Do you think this temporary solution would introduce artifacts in the data?
Once this is clarified, I am up for making a pull request (with slightly cleaner solutions). Generally I would commend you and the team for the clean code. It was quite easy to navigate and debug on my end! I could also see this working better if cooler itself was able to tell when a variable binsize cool file is set to fixed binsize. I briefly looked in their repository but I couldn't find an immediate solution.
Cheers, Vittorio
If you use cooler zoomify on a file with variable bin size, the resulting bin sizes are still variable, it only pools them by factor 2. What we mean by "fixed" is that each bin represents a segment of the same length on the chromosome.

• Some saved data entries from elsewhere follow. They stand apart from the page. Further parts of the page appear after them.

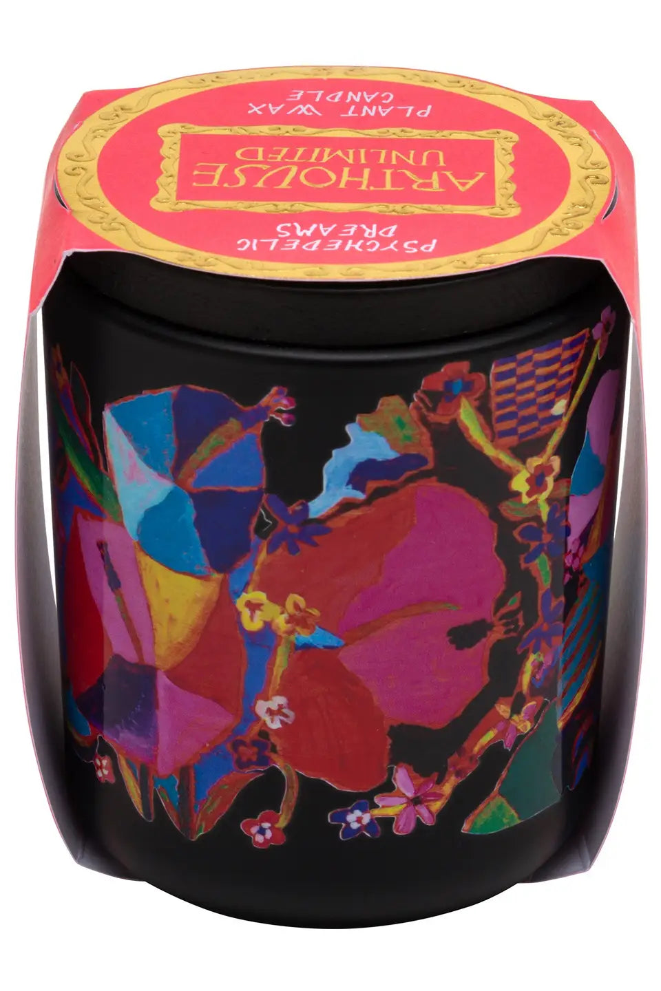 A uniquely fragranced vegan-friendly candle featuring the beautiful ‘Psychedelic Dreams’ artwork created by talented ARTHOUSE Unlimited artist Laura Tregellas. The candle aroma evokes notes of Violet, Pink Pepper, and Orange Blossom. Made in the UK, this candle has 40 hours of burn time & the plant wax is hand poured into a re-useable highly decorative vessel. A timeless gift for art lovers, joy givers & good-cause supporters everywhere!
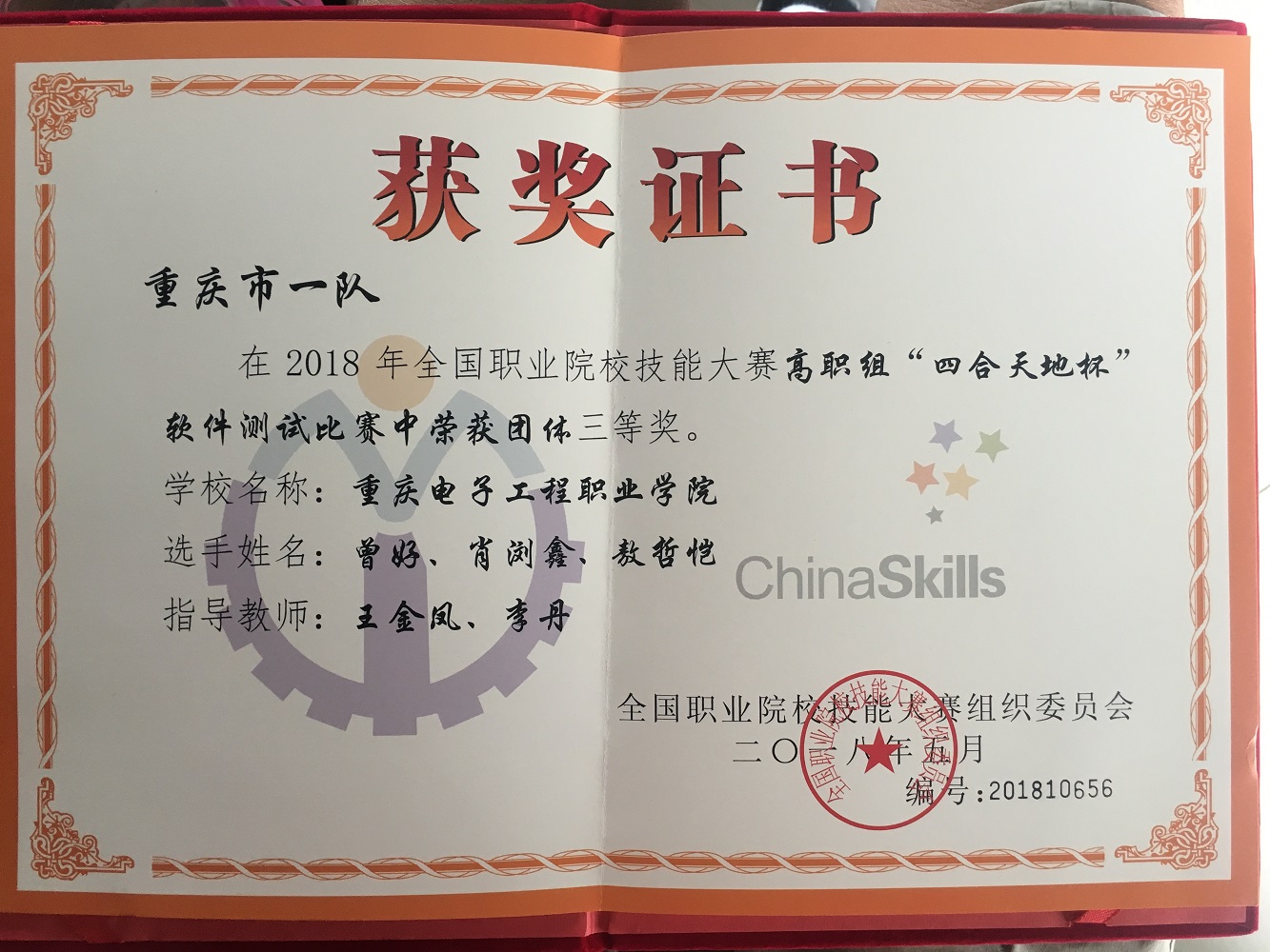 5月31日,2018年全国职业院校技能竞赛高职组“软件测试”赛项在河南许昌落下帷幕,由我校人工智能与大数据学院王金凤、李丹老师指导的曾好、肖浏鑫、敖哲恺三位同学组成的参赛队,获得该赛项的三等奖,是重庆市参赛的四支代表队中成绩最好的参赛队。
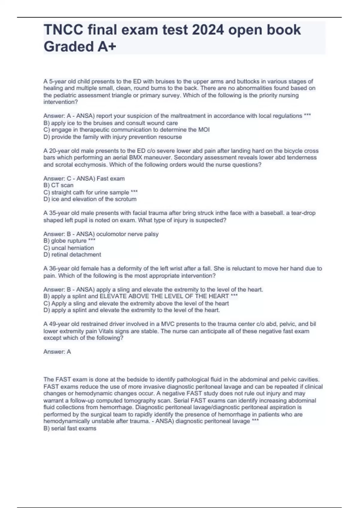 TNCC final exam test 2024 open book Graded A+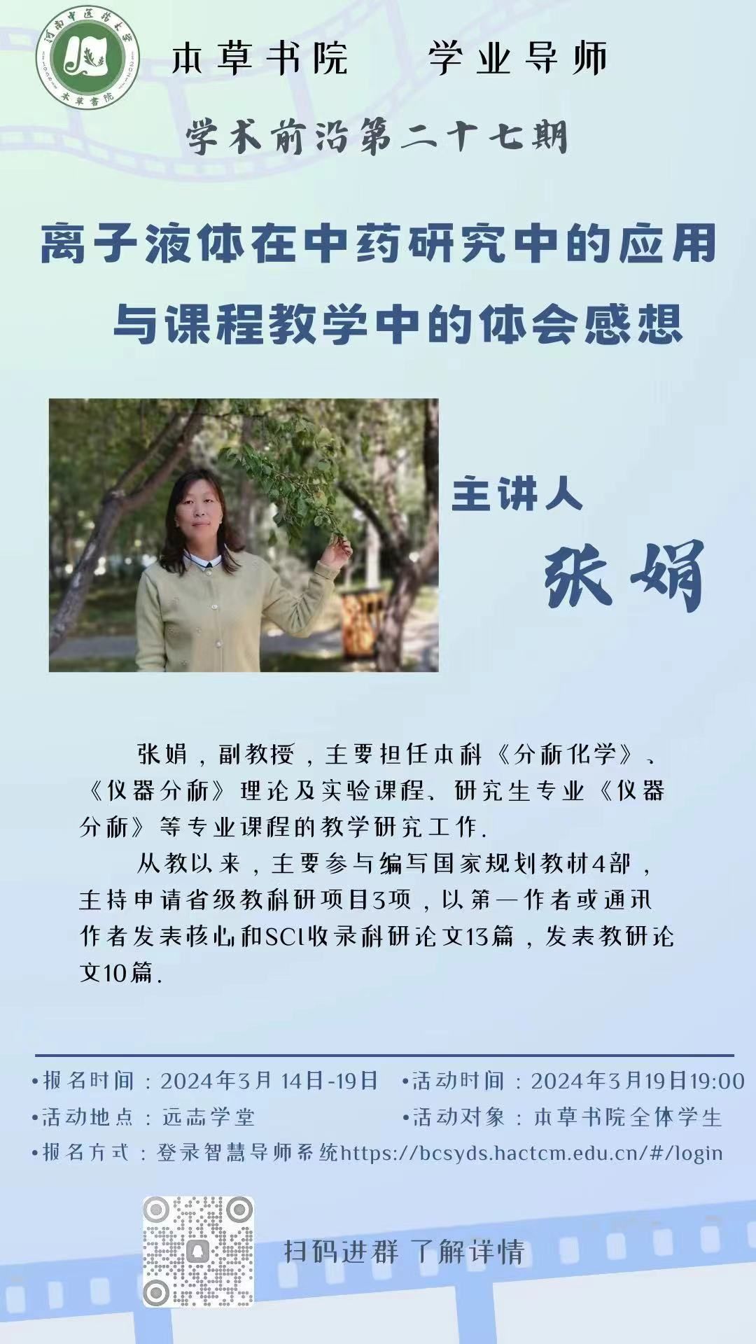 本次活动旨在向同学们科普离子液体在中药研究中的应用方面的知识,帮助同学们开拓视野,增强前沿意识,丰富知识体系,激发同学们的学习兴趣和求知欲,为同学们今后的科研奠定良好基础。同时帮助同学们提前了解分析化学、仪器分析课程的相关信息,为今后的学习奠定基础。

If your cool file has variable bin size, e.g. 1 bin = 1 restriction fragment, even if you zoomify it (1 bin = 2, 4, 8 ... restriction fragments), there would still not be a constant mapping between #bins and #basepairs. Thus many of our assumptions would fail and the calls would be unreliable. This is why we do not support variable bin sizes.
You can of course use this hack, if you know your matrix has a fixed resolution, but the clean solution is to build your matrix on a fixed bin size from the start, and it should be reflected in the metadata of the cool file.
@cmdoret Thank you for the clarification. I can look at the distribution of my bin_size lengths to verify that the spread is not significant. I suggest formally including in a step to check for variable bin size and explain the reasoning in chromosight. Are there plans in the future to support variable bin size or is it a "limitation" due to the algorithms you use? As far as I can tell, fixed bin size is not a characteristic of the data (due to the semi-random nature of restriction sites occurrence)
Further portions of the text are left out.